### WORK ITEM
Set down, exactly and only, everything from the line containing "- Đề: Viết đoạn" down to the line containing "Be the first" in the data below; the pictures are not part of the copy.

### MATERIAL TO PROCESS
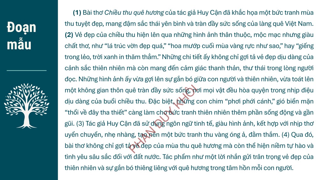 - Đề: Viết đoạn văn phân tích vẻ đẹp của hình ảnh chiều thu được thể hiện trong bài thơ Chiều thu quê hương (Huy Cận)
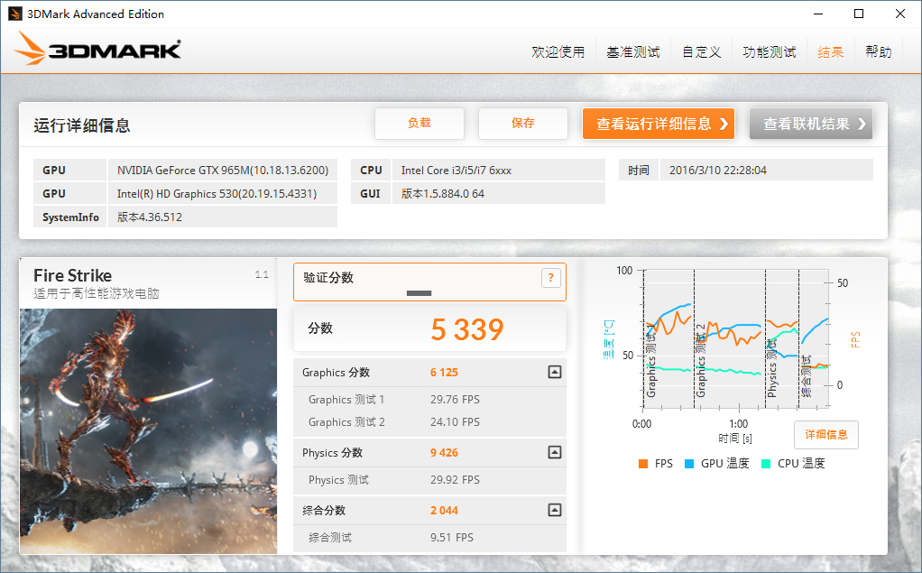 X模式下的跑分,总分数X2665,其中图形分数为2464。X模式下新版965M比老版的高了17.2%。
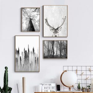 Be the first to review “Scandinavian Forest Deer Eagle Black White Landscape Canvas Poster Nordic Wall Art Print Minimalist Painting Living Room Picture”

* * *

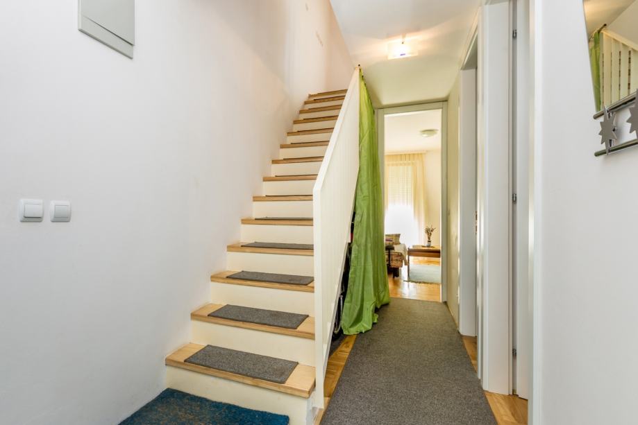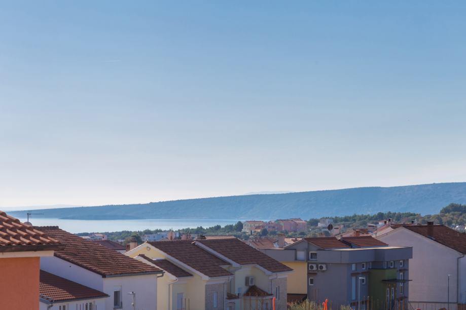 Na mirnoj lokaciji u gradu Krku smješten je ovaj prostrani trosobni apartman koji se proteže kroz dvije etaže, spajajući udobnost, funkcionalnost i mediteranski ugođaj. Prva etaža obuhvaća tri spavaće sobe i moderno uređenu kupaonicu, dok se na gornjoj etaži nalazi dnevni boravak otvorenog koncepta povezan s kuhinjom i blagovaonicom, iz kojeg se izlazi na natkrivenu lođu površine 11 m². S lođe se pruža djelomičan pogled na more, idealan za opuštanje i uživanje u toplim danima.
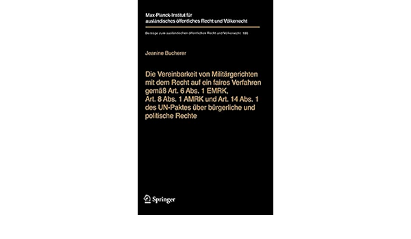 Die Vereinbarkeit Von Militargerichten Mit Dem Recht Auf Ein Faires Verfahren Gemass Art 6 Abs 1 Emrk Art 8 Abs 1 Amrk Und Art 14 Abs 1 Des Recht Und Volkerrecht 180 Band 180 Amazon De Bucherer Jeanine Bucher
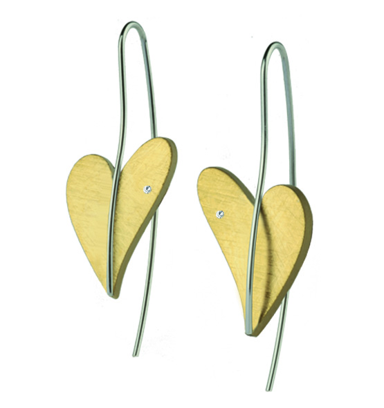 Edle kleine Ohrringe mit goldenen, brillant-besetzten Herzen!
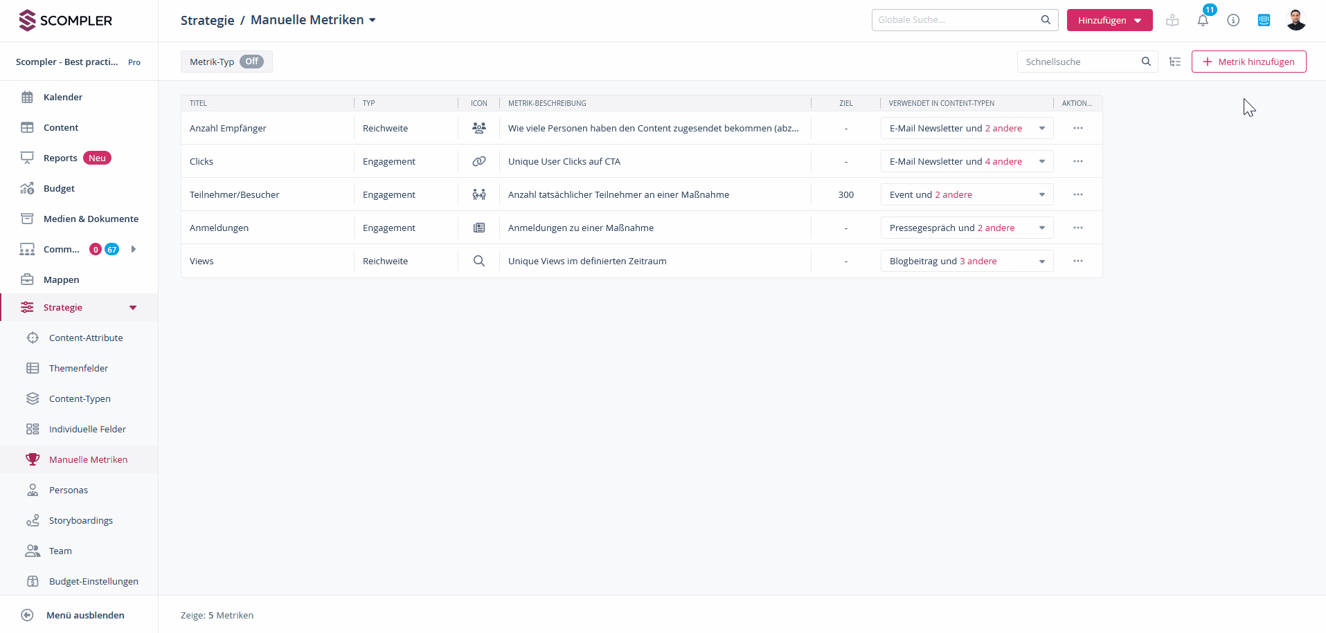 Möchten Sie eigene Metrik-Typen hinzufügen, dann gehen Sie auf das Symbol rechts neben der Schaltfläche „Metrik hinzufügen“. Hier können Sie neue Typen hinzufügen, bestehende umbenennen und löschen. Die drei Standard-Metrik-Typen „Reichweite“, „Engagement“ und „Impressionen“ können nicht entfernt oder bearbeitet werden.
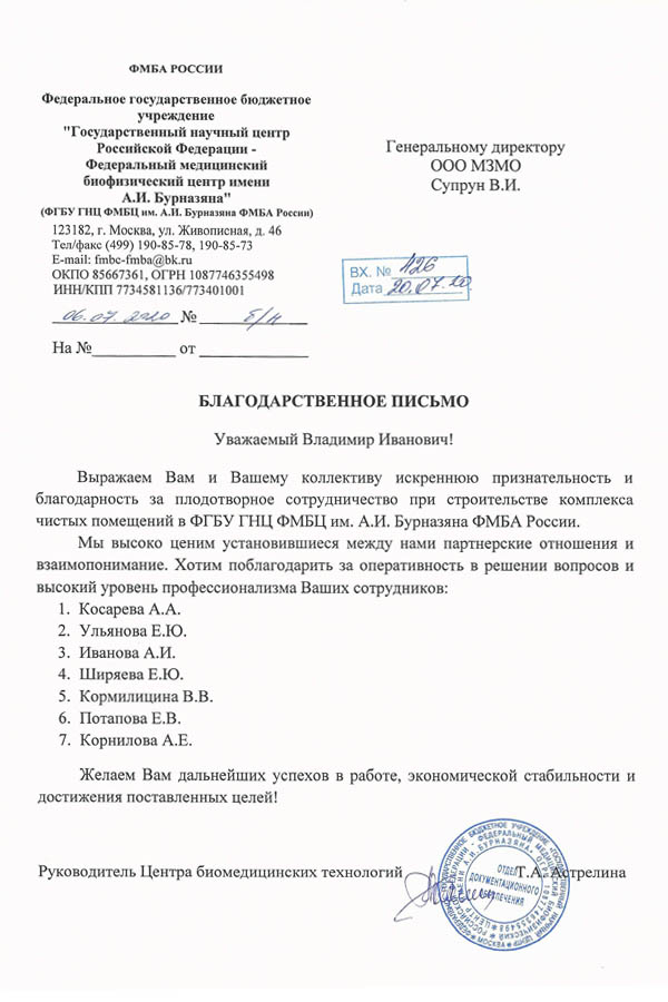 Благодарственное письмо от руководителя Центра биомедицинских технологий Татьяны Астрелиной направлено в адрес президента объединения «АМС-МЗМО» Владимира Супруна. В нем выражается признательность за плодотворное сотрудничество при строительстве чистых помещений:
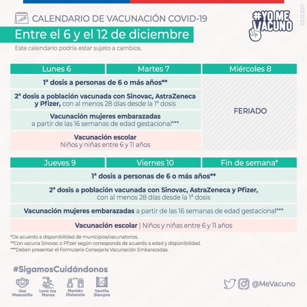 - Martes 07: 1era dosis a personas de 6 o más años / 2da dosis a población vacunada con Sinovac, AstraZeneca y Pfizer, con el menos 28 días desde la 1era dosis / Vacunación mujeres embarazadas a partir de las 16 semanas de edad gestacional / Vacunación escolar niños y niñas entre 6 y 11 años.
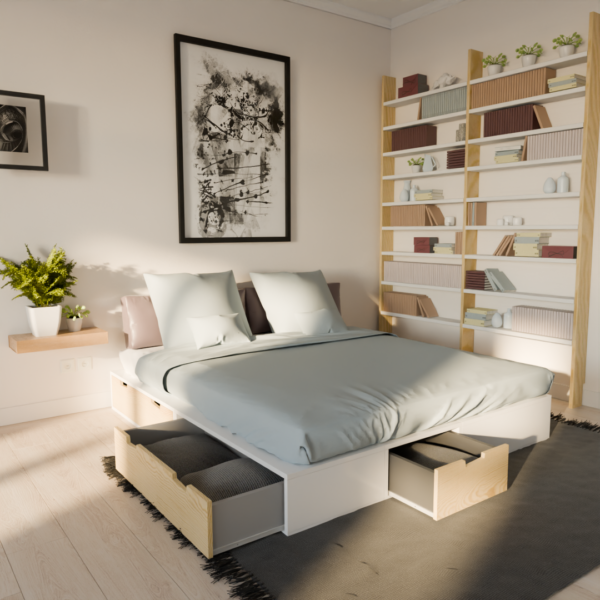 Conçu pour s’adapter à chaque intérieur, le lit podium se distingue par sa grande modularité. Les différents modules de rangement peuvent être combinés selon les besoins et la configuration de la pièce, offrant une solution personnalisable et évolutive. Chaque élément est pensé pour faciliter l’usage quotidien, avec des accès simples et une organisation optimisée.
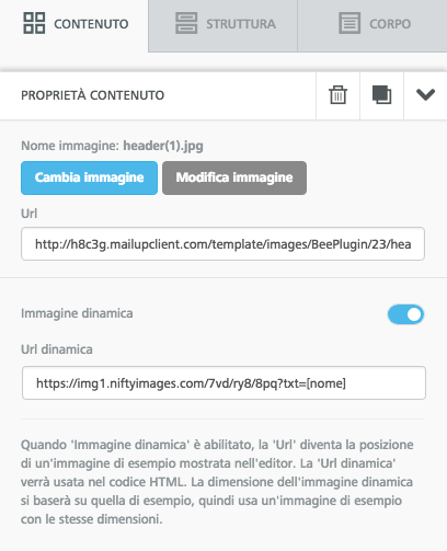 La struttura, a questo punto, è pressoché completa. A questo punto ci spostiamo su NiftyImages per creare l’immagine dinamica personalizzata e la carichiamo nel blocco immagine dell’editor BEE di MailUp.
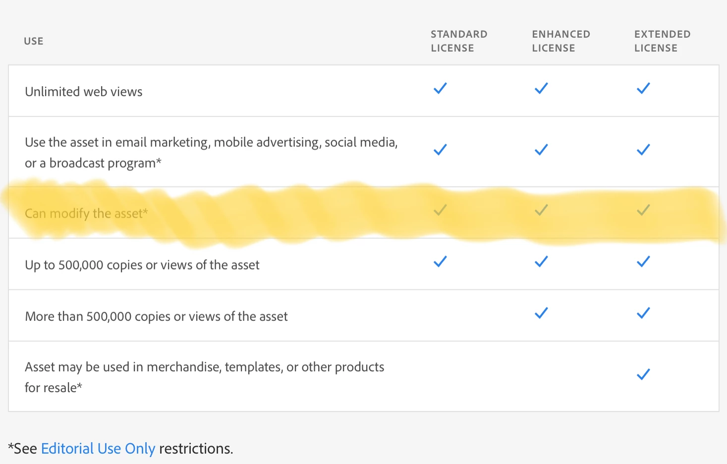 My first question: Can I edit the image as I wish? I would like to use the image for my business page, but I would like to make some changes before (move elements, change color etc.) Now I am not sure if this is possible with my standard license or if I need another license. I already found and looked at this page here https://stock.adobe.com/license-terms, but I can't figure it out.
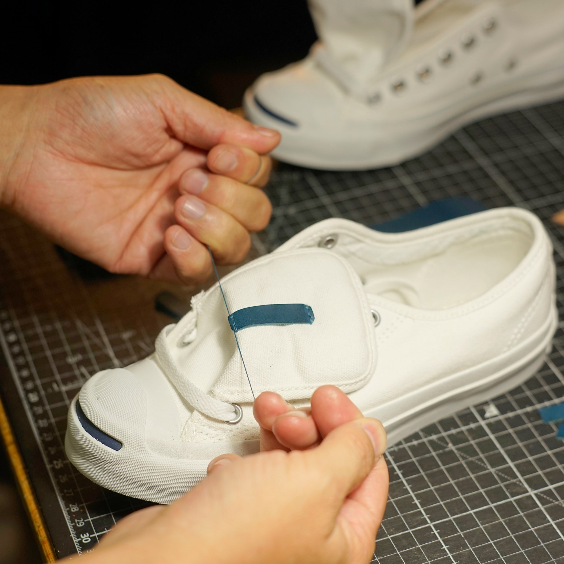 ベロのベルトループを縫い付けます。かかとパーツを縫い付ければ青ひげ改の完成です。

* * *

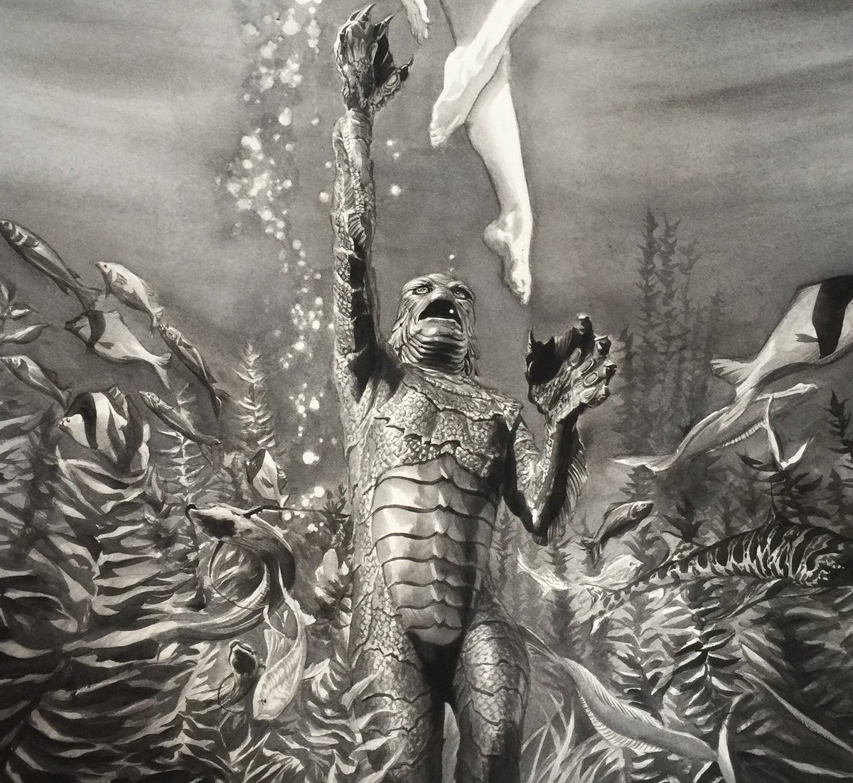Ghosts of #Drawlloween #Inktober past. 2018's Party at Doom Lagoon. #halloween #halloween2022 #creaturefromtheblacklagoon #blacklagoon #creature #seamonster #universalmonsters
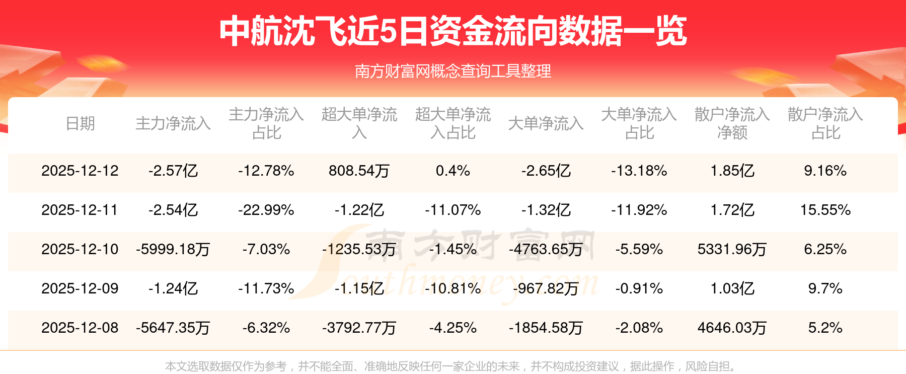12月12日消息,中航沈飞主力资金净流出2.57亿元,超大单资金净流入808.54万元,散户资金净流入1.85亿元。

### SOLUTION BELOW
 - Đề: Viết đoạn văn phân tích vẻ đẹp của hình ảnh chiều thu được thể hiện trong bài thơ Chiều thu quê hương (Huy Cận)
 X模式下的跑分,总分数X2665,其中图形分数为2464。X模式下新版965M比老版的高了17.2%。
 Be the first to review “Scandinavian Forest Deer Eagle Black White Landscape Canvas Poster Nordic Wall Art Print Minimalist Painting Living Room Picture”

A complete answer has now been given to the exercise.